The new annual survey from the World Bank of how countries rank in their trade logistics performance is just out, and the U.S. stands a fair to middling 14th. China ranks 30th. The survey rates countries according to:
3. International Shipments
4. Logistics Competence
5. Tracking and Tracing
6. Domestic Logistics Costs
The top five are 1. Singapore, 2. Netherlands, 3. Germany, 4. Sweden, 5. Austria
Given all the (negative) attention paid recently to infrastructure, we would have thought the U.S. would have ranked poorly in that area, but the World Bank survey gave the U.S. seventh place in that category. (You can access a sortable table of the results here.) It’s in “domestic logistics costs” — local transportation, warehousing, terminal handling — where the United States did most poorly, ranking 144th.

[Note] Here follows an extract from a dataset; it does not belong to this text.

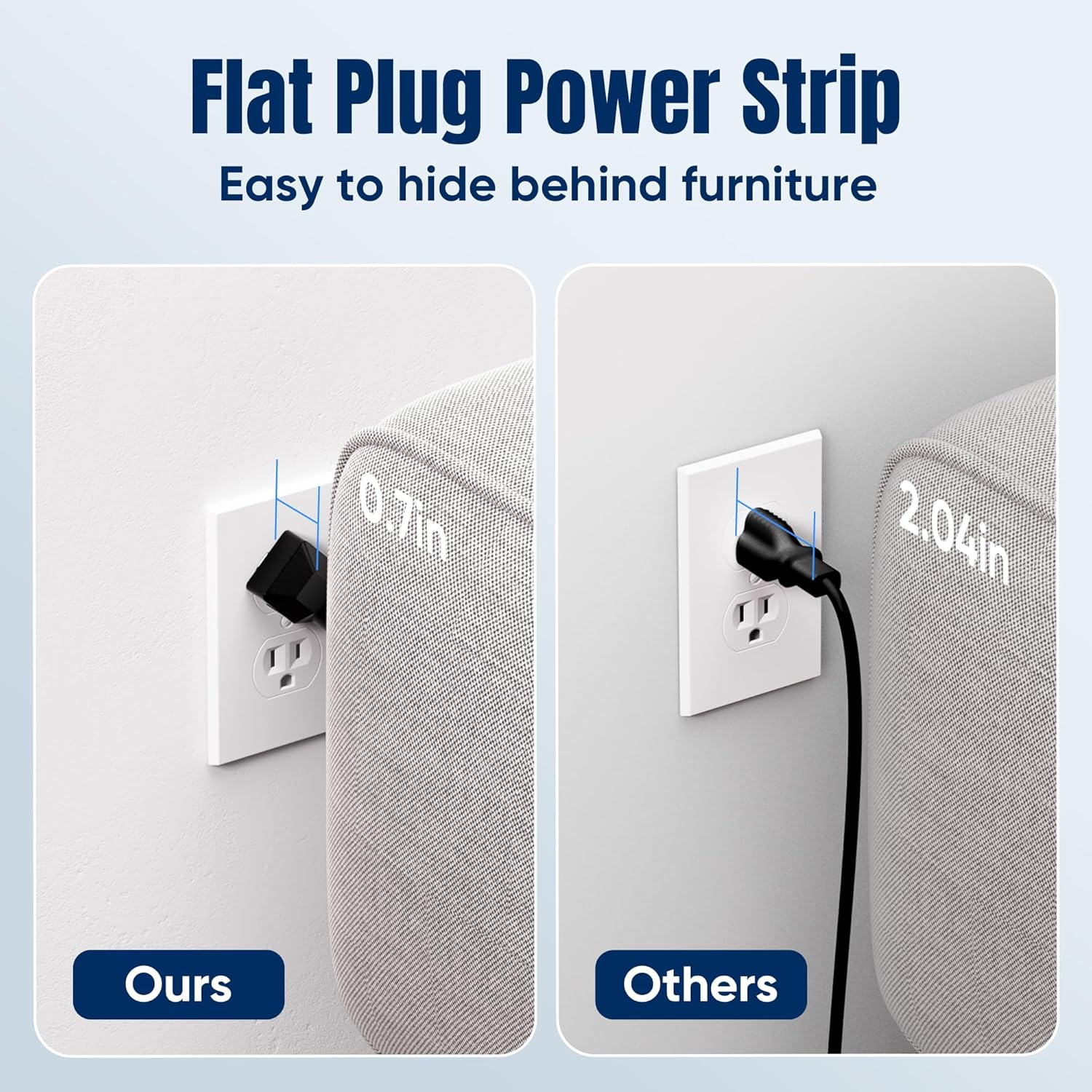 - 🏠【Space Saving Design】- Experience the ultimate in space efficiency with JouleLoom 6FT surge protector's slim flat plug, measuring a mere 0.7 inches thick. Unlike traditional plugs, its unique 45-degree right-angle design ensures it won't obstruct neighboring outlets. Plus, with two multi-directional hanging holes, you can easily mount it horizontally or vertically on workstations, walls, counters, bedrooms, optimizing your space like never before.

We speculate as to reasons: Energy costs, taxes, benefit mandates, excessive regulations — many of the same things that contribute to the 31.7 percent cost disadvantage faced by manufacturers in the United States compared to our major global competitors. (As reported in our study, the Escalating Cost Crisis.) And then there’s geographic distance; more compact industrialized countries seem to do well.
We haven’t delved deeply into the methodology, so hesitate to pronounce on the annual rankings with the usual rhetoric about warning signals, wake-up calls and words to the wise. Still, at first glance this looks like a pretty good summary: The United States has many logistical strengths that help us compete in the global economy, but there’s plenty room for improvement.
Thanks to the 3PLWire Blog (Third Party Logistics) for posting on the report.